* _Work instructions_
The material below holds pictures, which are to be left out; copy exactly the lines from the one with "Young brunette woman" through the one with "1 Pair Premium".

_ _ _

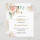 A white background decorated with eucalyptus greenery, a rose gold and blush pink rose, and golden leaves and faux gold glitter drops. Personalise and the childs name and ceremony details. Black and golden coloured letters.
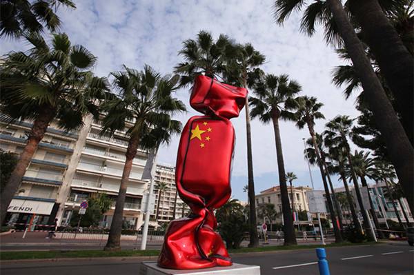 2011年11月3日至4日,G20領導人峰會在戛納舉行。圖為10月31日在法國南部小城戛納拍攝的外表被包裝成中國國旗的糖果雕塑。新華社記者高靜攝
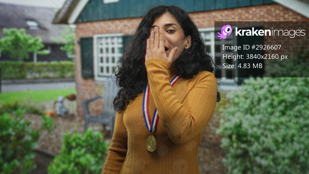Young brunette woman wearing a gold medal, hand covering mouth, standing at building entrance by window and shrubbery; surprised pride.
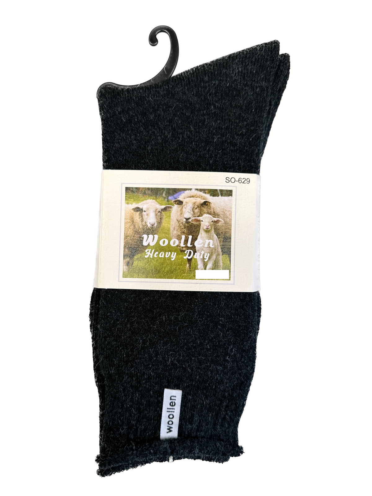 1 Pair Premium Mens Wool Heavy Duty Thick Work Socks Cushion Woolen - Black - 11-14
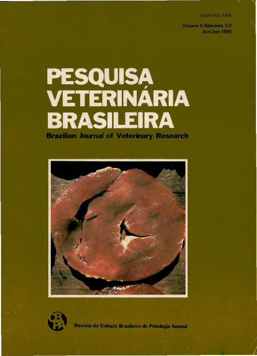 Amostras de sangue foram obtidas ao abate de 60 frangos de corte, de 43 a 56 dias de idade, de cada uma de 60 granjas sem problemas sanitários aparentes localizadas em uma região de alta densidade de produção avícola. As granjas correspondiam a 10% do número total que existe na região e estavam localizadas em um raio de 50 km. Todos os frangos tinham sido vacinados contra a doença de Marek no primeiro dia de vida. Os soros foram avaliados no teste de imunodifusão para anticorpos para reovírus aviário (R V A), vírus da doença infecciosa da bursa (VDIB), vírus da bouba aviária (VBA), vírus herpes de perus (HVT), adenovírus aviário do grupo 1 (AVA-1) e do grupo 2 (A VA-2). Os mesmos soros foram examinados no microteste de soroneutralização em placas para anticorpos para o vírus da bronquite infecciosa (VBI) e o vírus da laringotraqueíte infecciosa (VLTI), bem como anticorpos inibidores da hemoaglutinação para o vírus da doença de Newcastle (VDN). Anticorpos para RVA, detectados em 2172 (63,6%) de 3418 soros, e para AVA-1, em 2701 (78,2%) de 3456 soros, foram demonstrados em todas as 60 granjas, enquanto que, anticorpos para o VDIB, em 3086 (89,4%) de 3452 soros, foram encontrados em somente 57 destas granjas. Estes resultados indicam que os três vírus são ubíquos em frangos de corte da região estudada. Anticorpos para o VBA em 14 (0,5%) de 2935 soros, para o VDN em seis (0,2%) de 3320 soros, foram encontrados em cinco de 59 e em uma de 60 granjas, respectivamente, indicando que esses dois vírus ocorrem apenas raramente. Anticorpos para HVT, em 315 (9,0%) de 3484 soros, foram detectados em 39 de 60 granjas testadas, sugerindo resposta sorológica pobre à vacinação e baixa exposição de campo ao vírus da doença de Marek. Anticorpos para o VBI, em 61 (2,1%) de 2925 soros, foram encontrados em 12 de 57 granjas testadas. Porém, em apenas uma granja a percentagem de reagentes era significativa (41 %); nas outras 11 granjas a percentagem de frangos com anticorpos variava de 1,7 a 16,1%. Finalmente, não foram detectados anticorpos em 3491 soros de 60 granjas testada para A VA-2, nem em 3035 soros de 59 granjas testadas para o VLTI, indicando que esses vírus não existem na área geográficas estudada. O significado de todos os achados é discutido.

_ _ _

* _Your solution_
Young brunette woman wearing a gold medal, hand covering mouth, standing at building entrance by window and shrubbery; surprised pride.
 1 Pair Premium Mens Wool Heavy Duty Thick Work Socks Cushion Woolen - Black - 11-14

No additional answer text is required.